The thing is, you can't really fault Taylor as a company even if they aren't your favorite. They've done nothing but continue to build a better and better product since day 1.
BUT- in the discussions the GS Mini came up A LOT. It's Taylor's best seller (much to their surprise actually) and they crank out a bunch of them in their plant in Mexico. The thing is, for my end of the business everyone complains about price. I get it, I feel guilty sometimes charging what we do but then I remind myself that my annual 'income' is less than 10k a year. (seriously.) It's not like I'm driving a ferrari to work. I'm not complaining (lets not turn it into that) but it just breaks down to a simple formula:
* our guitars are expensive because while I do have a large shop with a fair amount of automation compared to most companies my size, we use expensive parts, finishes, cases, have STEEP overhead (thanks California) and our biggest restriction to production is labor and working capital. (and sales) *
But Ben, my assembly guy has been hammering on how do we build a "guitar for the masses" priced between 999-1400. We've been chasing this thought experiment down for the last few months and my time at Taylor opened my eyes to a few things.
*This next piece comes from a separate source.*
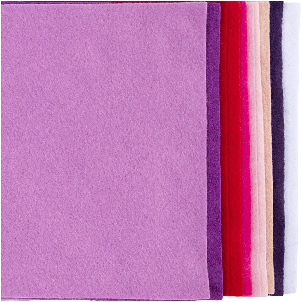 Pakke med 10 ark blød filt i primært lilla og lyserøde farver. Af 100 % polyester.Velegnet til både bamser, nissens hue, dukkens trøje, syprojekter, påskepynt, juleophæng og projekter med at klippe og klistre for små og store. Kanterne trevler ikke når dit barn klipper i filten. 2 mm tykke ark.

For starters, they didn't have a "cheap" guitar for a long time. It takes a lot of working capital and human capital to truly mass produce something. We don't have human capital right now and there is certainly a tipping point where every employee I add means more payroll, taxes, unemployment and insurance I have to cover. It's very hard to add these to build only a slight bump in production. (chicken and the egg dilemma). Also, you have to be at a certain point in your company's life to offer an entry level guitar without shooting yourself in the foot. ("Why would I pay 3850 for a Starliner when I get something sorta resembling one for 999?")
So let us pursue the typical avenues of approaching a truly mass produced "cheap" guitar:
1. You go overseas. This is obviously the normal response to this situation. The upside is the guitars are CHEAP. The downside, the guitars are CHEAP. Not always but we know what a chinese guitar is quality wise.
So you do the reverend model and you go Korean but setup in America. This works well but you have to shell out for a bunch of volume, find the sales to go with it and you're locked into fairly rigid what you can make (ie: if you have to buy 1000 or 5000 of them at a time, it's hard to be flexible in design)
Also, you get into being a 1000 dollar Korean version of what you already make, it's very hard to sell it (see: Suhr's attempt at this)
2. You hire up a ton of staff and automate. Upside: I have the space to do this and my CNC really does quickly out pace me. The downside: It's very expensive, you need dedicated staff to teach, run, train ect. You can easily eat into the time you have for your expensive / mainstay brand. (why GS Mini / 1 series / Baby Taylors are made in Mexico, not the US). For me, we can crank out flat top, bolt on bodies on the CNC quickly but gluing up material, grading it, storing it ect is very time consuming.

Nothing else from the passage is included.